Of all the entries below, retype only the lines from the one with "As inscrições são" through the one with "歸屬行業(yè):泵車配件 汽車泵配件 泵車遙控器電池 HBC電池HBC充電器 三一電池", exactly as they appear.

### [ENTRIES SUPPLIED]

******************************

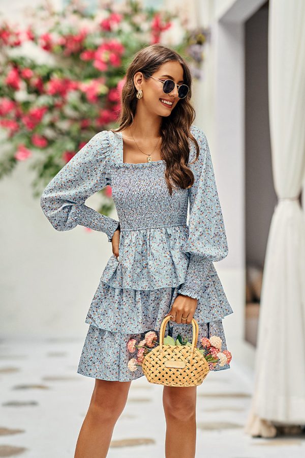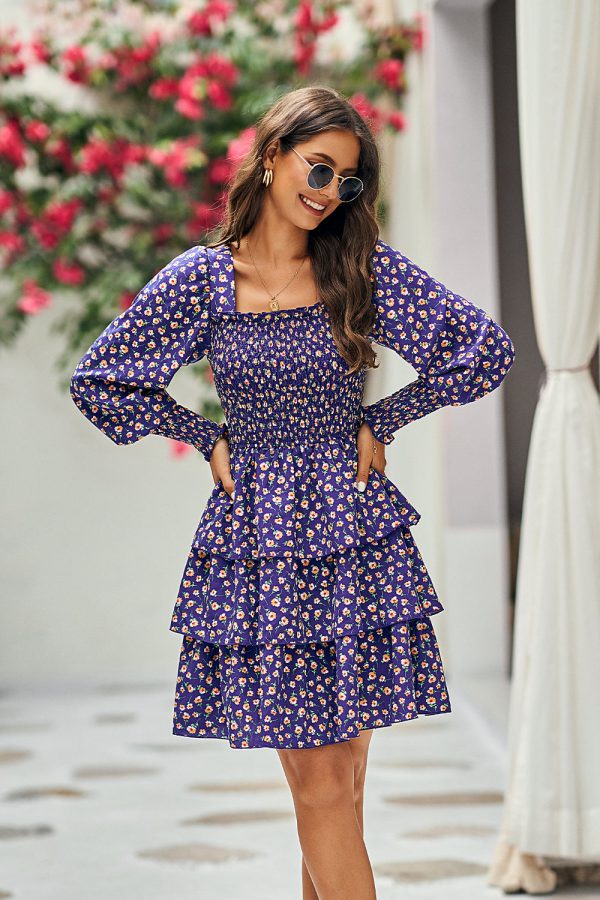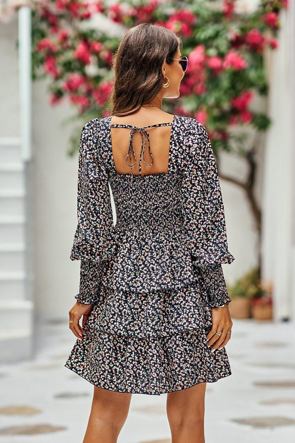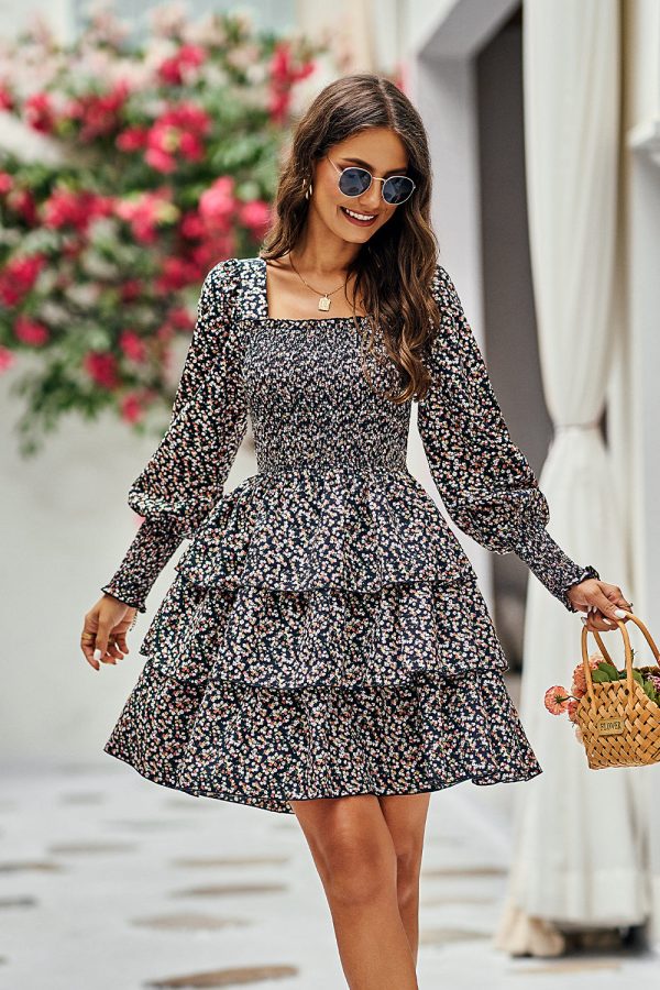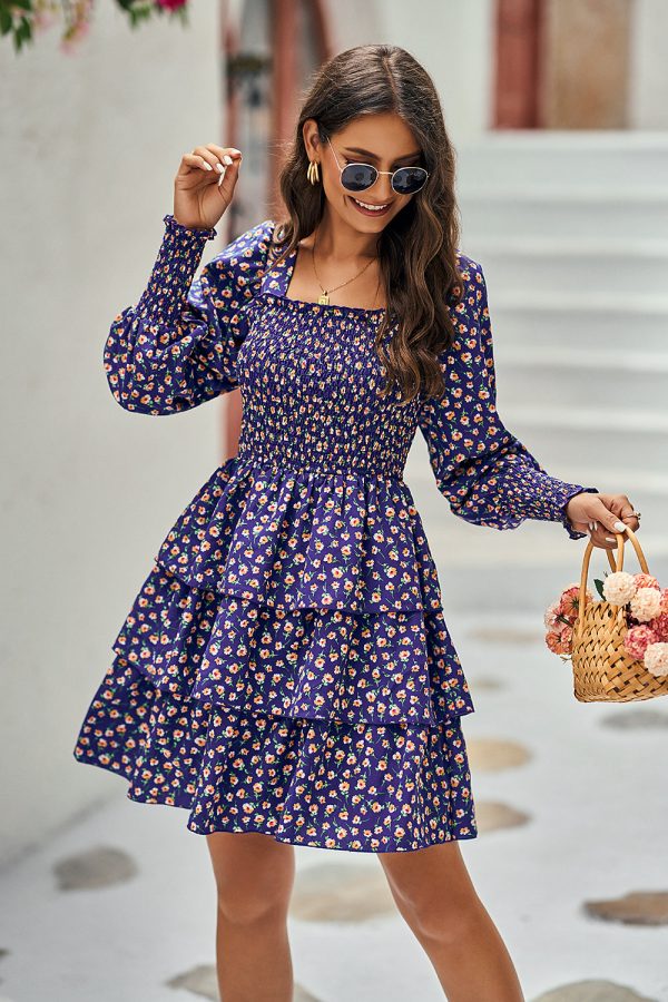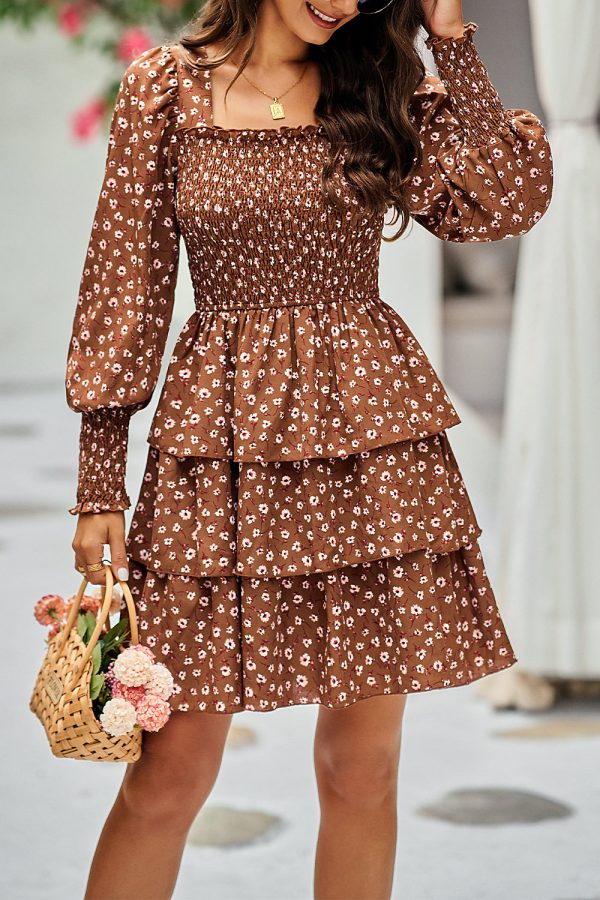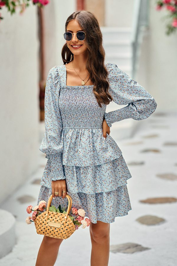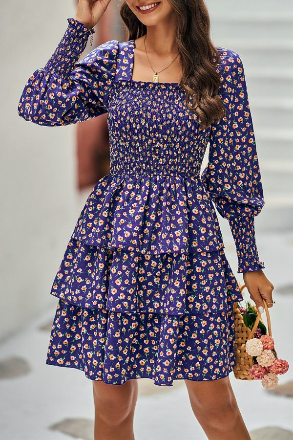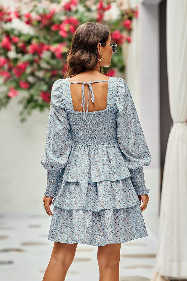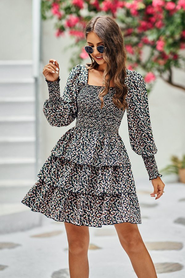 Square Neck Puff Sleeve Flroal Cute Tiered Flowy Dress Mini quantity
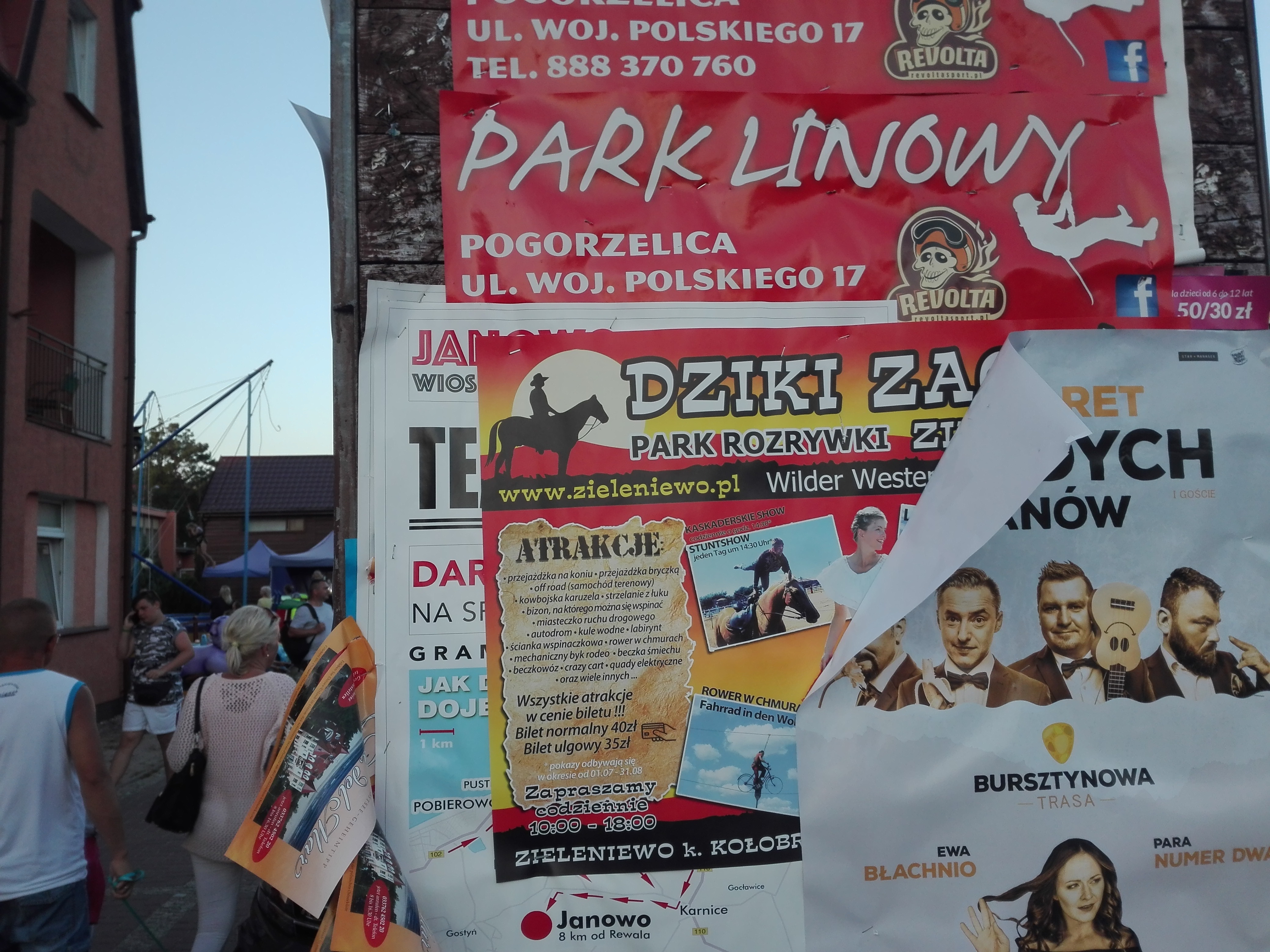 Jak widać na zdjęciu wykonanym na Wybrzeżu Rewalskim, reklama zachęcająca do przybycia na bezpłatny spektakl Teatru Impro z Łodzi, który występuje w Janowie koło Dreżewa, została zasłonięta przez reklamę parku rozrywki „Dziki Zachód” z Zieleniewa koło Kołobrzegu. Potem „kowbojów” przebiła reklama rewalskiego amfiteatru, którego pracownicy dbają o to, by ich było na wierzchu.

******************************

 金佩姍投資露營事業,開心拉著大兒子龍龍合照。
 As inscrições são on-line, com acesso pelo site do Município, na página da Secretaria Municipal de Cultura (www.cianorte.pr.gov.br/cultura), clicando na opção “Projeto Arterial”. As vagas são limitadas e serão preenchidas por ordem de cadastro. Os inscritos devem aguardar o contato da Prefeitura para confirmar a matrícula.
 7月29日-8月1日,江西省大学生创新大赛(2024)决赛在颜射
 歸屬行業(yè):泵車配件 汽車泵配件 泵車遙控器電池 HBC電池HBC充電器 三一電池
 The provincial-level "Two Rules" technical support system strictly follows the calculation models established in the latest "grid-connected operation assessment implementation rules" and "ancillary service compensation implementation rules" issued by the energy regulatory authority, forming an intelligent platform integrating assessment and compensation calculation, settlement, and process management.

******************************

### [ANSWER BELOW]
 As inscrições são on-line, com acesso pelo site do Município, na página da Secretaria Municipal de Cultura (www.cianorte.pr.gov.br/cultura), clicando na opção “Projeto Arterial”. As vagas são limitadas e serão preenchidas por ordem de cadastro. Os inscritos devem aguardar o contato da Prefeitura para confirmar a matrícula.
 7月29日-8月1日,江西省大学生创新大赛(2024)决赛在颜射
 歸屬行業(yè):泵車配件 汽車泵配件 泵車遙控器電池 HBC電池HBC充電器 三一電池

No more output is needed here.